Could you retype the material, starting at its first line and ending with the line holding "ceramic and MDF.", and keep the pictures out?

::::::

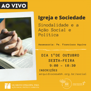 O Vicariato Episcopal para a Ação Social, Política e Ambiental promove formação online cujo tema será “Igreja e sociedade: Sinodalidade a ação social e política” no dia 1° de outubro das 09hs às 10:30h.
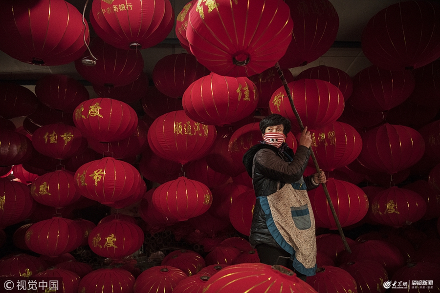 2019年1月24日,河北屯頭村,當?shù)毓と粟s制燈籠迎新春。農(nóng)歷新年臨近,燈籠迎來銷售旺季。河北省石家莊市藁城區(qū)被譽為“宮燈之鄉(xiāng)”,有“中國宮燈第一村”之稱的梅花鎮(zhèn)屯頭村則是藁城宮燈的主要生產(chǎn)集中地。
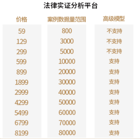 (1)小包公法律实证平台分为免费版、专业版;免费版可创建2个课题,专业版收费标准如下:
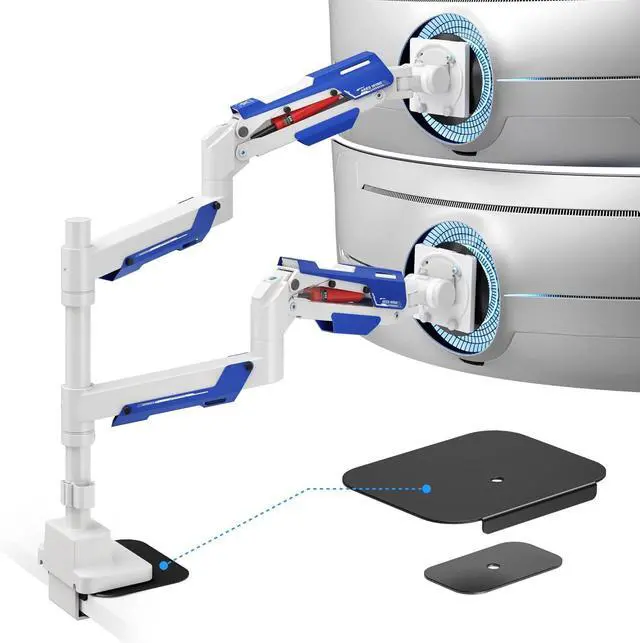• Protect & Preserve Your Desk SurfaceARES WING monitor arm reinforcement plate is designed for both C-clamp and grommet monitor mount, effectively distributing pressure to reduce desk surface distortion, dents, or scratches caused by mounting. Its perfect for protecting delicate desktops like glass, particle board, ceramic and MDF.
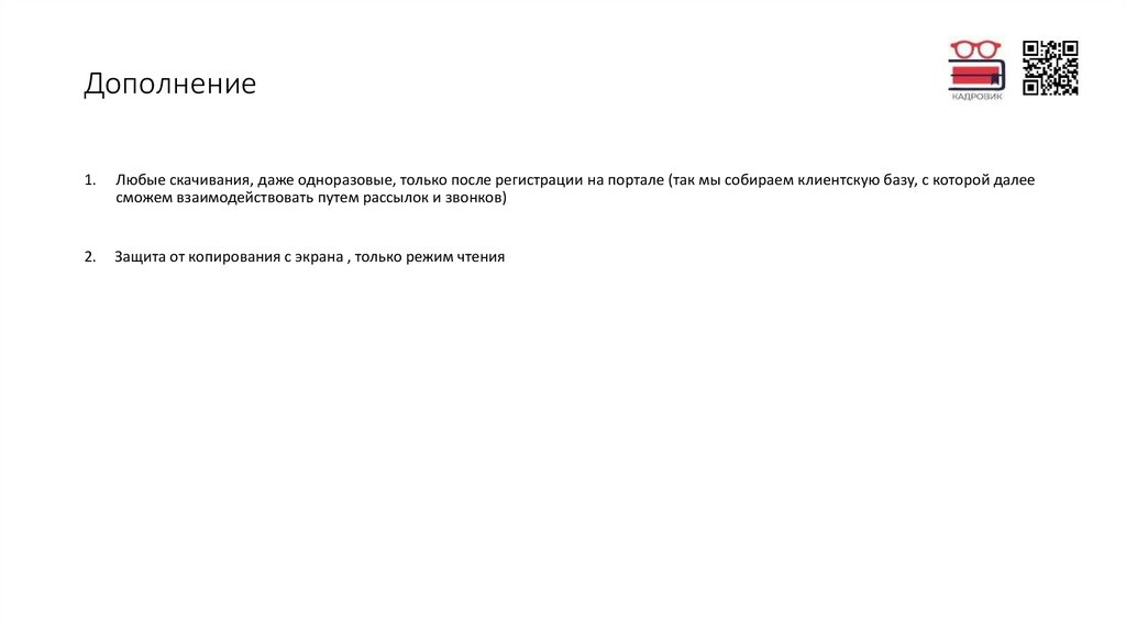 Любые скачивания, даже одноразовые, только после регистрации на портале (так мы собираем клиентскую базу, с которой далее

::::::

Answer to this task
 O Vicariato Episcopal para a Ação Social, Política e Ambiental promove formação online cujo tema será “Igreja e sociedade: Sinodalidade a ação social e política” no dia 1° de outubro das 09hs às 10:30h.
 2019年1月24日,河北屯頭村,當?shù)毓と粟s制燈籠迎新春。農(nóng)歷新年臨近,燈籠迎來銷售旺季。河北省石家莊市藁城區(qū)被譽為“宮燈之鄉(xiāng)”,有“中國宮燈第一村”之稱的梅花鎮(zhèn)屯頭村則是藁城宮燈的主要生產(chǎn)集中地。
 (1)小包公法律实证平台分为免费版、专业版;免费版可创建2个课题,专业版收费标准如下:
• Protect & Preserve Your Desk SurfaceARES WING monitor arm reinforcement plate is designed for both C-clamp and grommet monitor mount, effectively distributing pressure to reduce desk surface distortion, dents, or scratches caused by mounting. Its perfect for protecting delicate desktops like glass, particle board, ceramic and MDF.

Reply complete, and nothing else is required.